### AIM OF THE EXERCISE
All of the data, except its images, should be set down exactly as it appears.

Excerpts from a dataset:
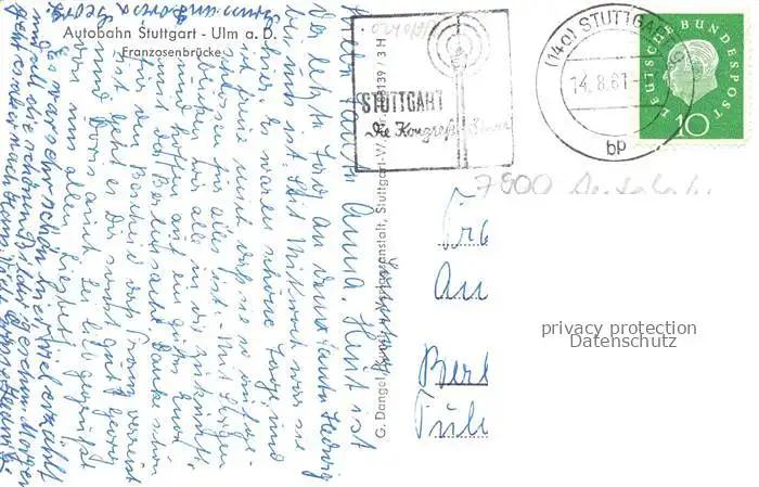 alte Postkarte 74007661 Autobahn Autostrada Autoroute Highway Stuttgart Ulm a.D. Franzosenbruecke postalisch gelaufen Erhaltung siehe scans [IrynaD87] [Iryn PID ]
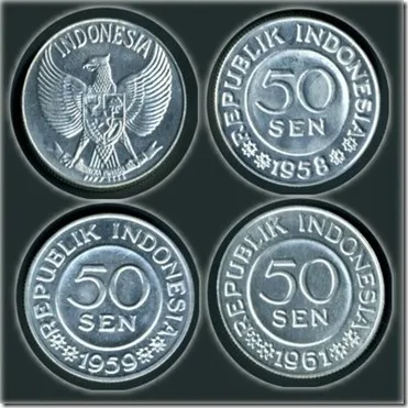 * Sen, seperseratus rupiah (ada koin pecahan satu dan lima sen)
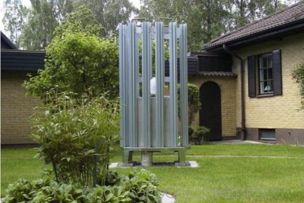 Il s'agit d'une variante plus moderne et productive de la douche d'été.Même dans le chalet le plus modeste, il y a un baril d'eau, qui est chauffé pendant la journée à un niveau très décent.
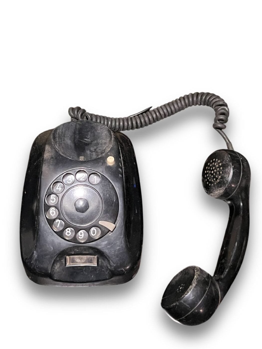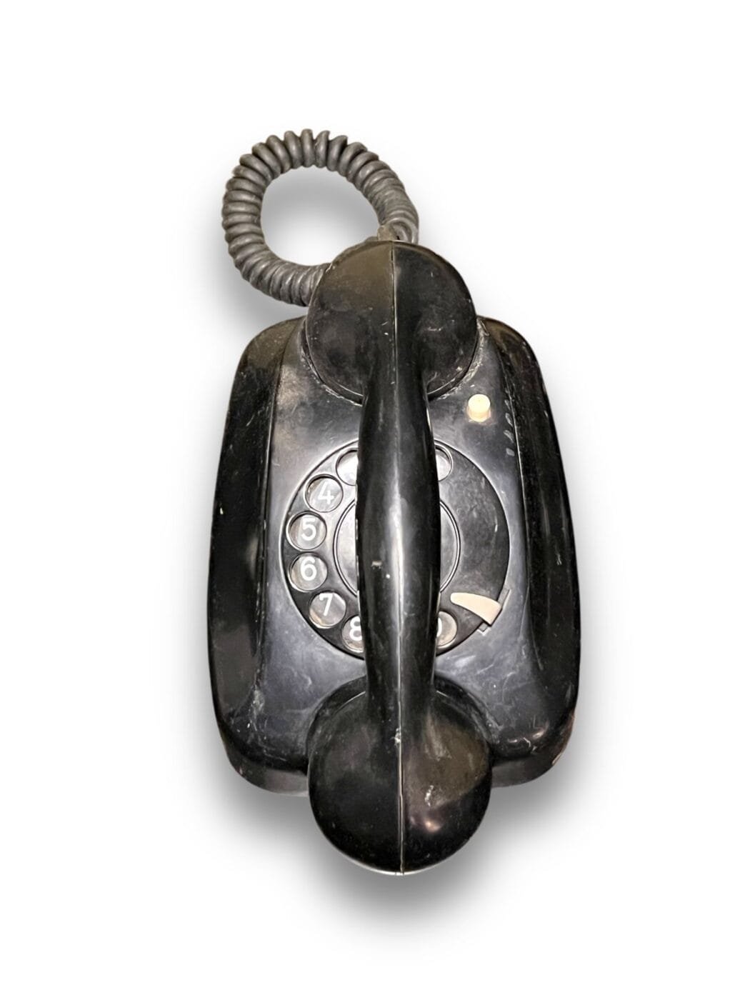 Rotary phones like this one were used on analog lines and are now often sought after as collectible or art direction and scenography prop.
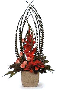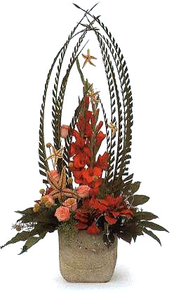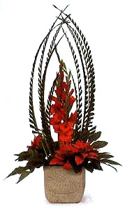 此款為圓錐形的圣誕插花。由散尾葵葉搭起綠色的彎拱形,其中火紅的圣誕花如焰似霞,驅走冬日的寒冷,讓人感受到濃濃的暖意,冬天來了,春天還會遠嗎? 花材:散尾葵、唐菖蒲、仿真圣誕花、月季、八角金盤、黃金球、天門冬草。
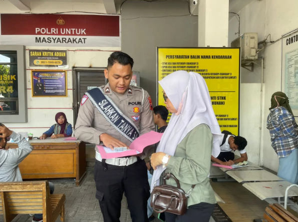 Terlihat dalam foto, seorang Polwan yang bertugas sebagai Duta Pelayanan SIM sedang memberikan flyer sosialisasi kepada pemohon di area loket pendaftaran. Dengan panduan ini, pemohon dapat memahami secara rinci tahapan SIM Perpanjangan yang meliputi:
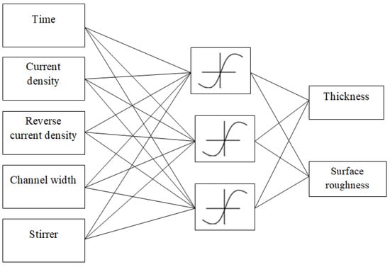 Artificial Neural Networks (ANN) is a simple, robust, nonlinear modeling tool that can predict and generalize experimental tests, for example, optimizing copper electroforming process parameters [23]. It uses many connections between its processing blocks as neurons. Neurons’ act is based on training patterns, inputs, and forecasting outputs. So to characterize the surface roughness and thickness of the nickel layer based on experimental results, the neural network box of MATLAB® V.2020a was used.
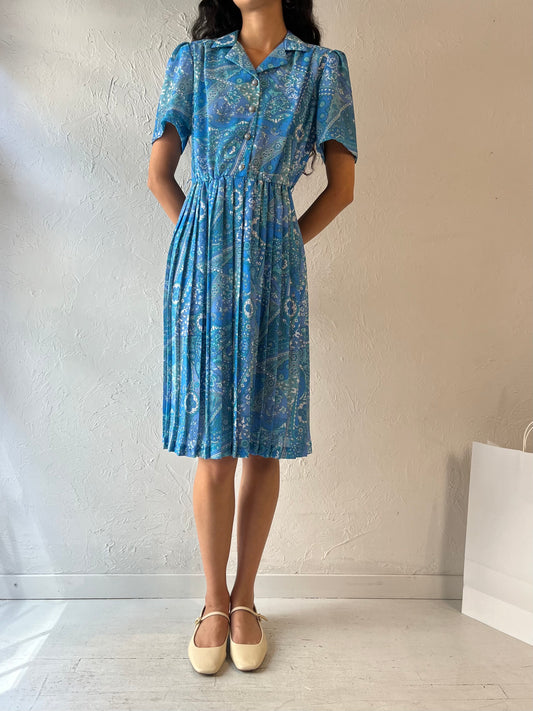 80s 'Leo Damal' Blue Paisley Midi Dress / Small

### SOLVED PROBLEM
 alte Postkarte 74007661 Autobahn Autostrada Autoroute Highway Stuttgart Ulm a.D. Franzosenbruecke postalisch gelaufen Erhaltung siehe scans [IrynaD87] [Iryn PID ]
 * Sen, seperseratus rupiah (ada koin pecahan satu dan lima sen)
 Il s'agit d'une variante plus moderne et productive de la douche d'été.Même dans le chalet le plus modeste, il y a un baril d'eau, qui est chauffé pendant la journée à un niveau très décent.
 Rotary phones like this one were used on analog lines and are now often sought after as collectible or art direction and scenography prop.
 此款為圓錐形的圣誕插花。由散尾葵葉搭起綠色的彎拱形,其中火紅的圣誕花如焰似霞,驅走冬日的寒冷,讓人感受到濃濃的暖意,冬天來了,春天還會遠嗎? 花材:散尾葵、唐菖蒲、仿真圣誕花、月季、八角金盤、黃金球、天門冬草。
 Terlihat dalam foto, seorang Polwan yang bertugas sebagai Duta Pelayanan SIM sedang memberikan flyer sosialisasi kepada pemohon di area loket pendaftaran. Dengan panduan ini, pemohon dapat memahami secara rinci tahapan SIM Perpanjangan yang meliputi:
 Artificial Neural Networks (ANN) is a simple, robust, nonlinear modeling tool that can predict and generalize experimental tests, for example, optimizing copper electroforming process parameters [23]. It uses many connections between its processing blocks as neurons. Neurons’ act is based on training patterns, inputs, and forecasting outputs. So to characterize the surface roughness and thickness of the nickel layer based on experimental results, the neural network box of MATLAB® V.2020a was used.
 80s 'Leo Damal' Blue Paisley Midi Dress / Small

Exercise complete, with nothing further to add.